### Data provided

+--

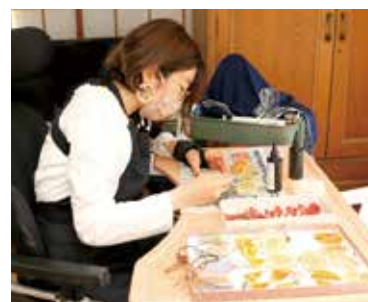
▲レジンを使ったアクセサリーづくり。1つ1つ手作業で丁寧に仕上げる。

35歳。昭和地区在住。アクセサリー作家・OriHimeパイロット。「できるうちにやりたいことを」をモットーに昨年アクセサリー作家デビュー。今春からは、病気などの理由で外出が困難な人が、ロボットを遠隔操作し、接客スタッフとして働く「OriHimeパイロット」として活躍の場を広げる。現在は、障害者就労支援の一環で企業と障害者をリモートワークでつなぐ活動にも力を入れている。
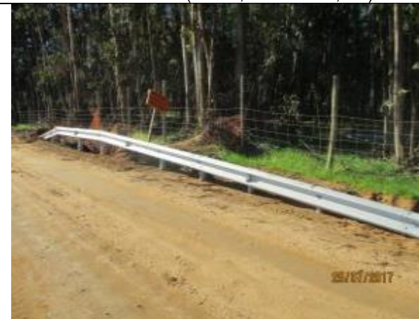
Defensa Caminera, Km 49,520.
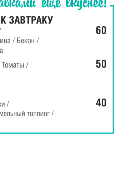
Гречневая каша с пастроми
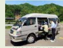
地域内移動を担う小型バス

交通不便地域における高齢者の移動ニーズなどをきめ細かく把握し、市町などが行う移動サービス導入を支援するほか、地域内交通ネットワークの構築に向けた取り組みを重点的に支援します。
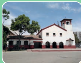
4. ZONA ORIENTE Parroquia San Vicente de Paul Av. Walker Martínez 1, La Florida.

+--

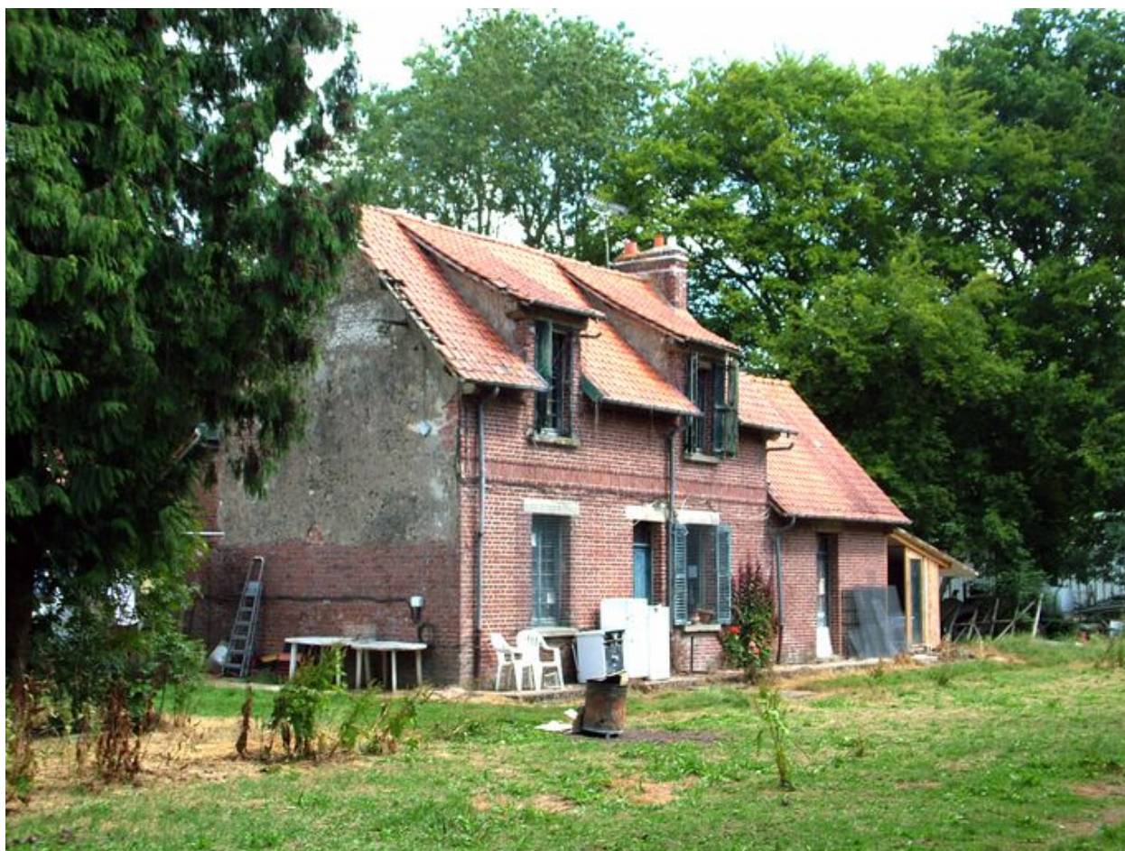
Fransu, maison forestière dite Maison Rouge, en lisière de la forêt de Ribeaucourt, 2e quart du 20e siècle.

+--

### What you will do
Go back to the lines above and output, exactly as they stand, the ones from the line containing "地域内移動を担う小型バス" to the line containing "4. ZONA ORIENTE". Leave all pictures behind.

### Completed task
地域内移動を担う小型バス

交通不便地域における高齢者の移動ニーズなどをきめ細かく把握し、市町などが行う移動サービス導入を支援するほか、地域内交通ネットワークの構築に向けた取り組みを重点的に支援します。
4. ZONA ORIENTE Parroquia San Vicente de Paul Av. Walker Martínez 1, La Florida.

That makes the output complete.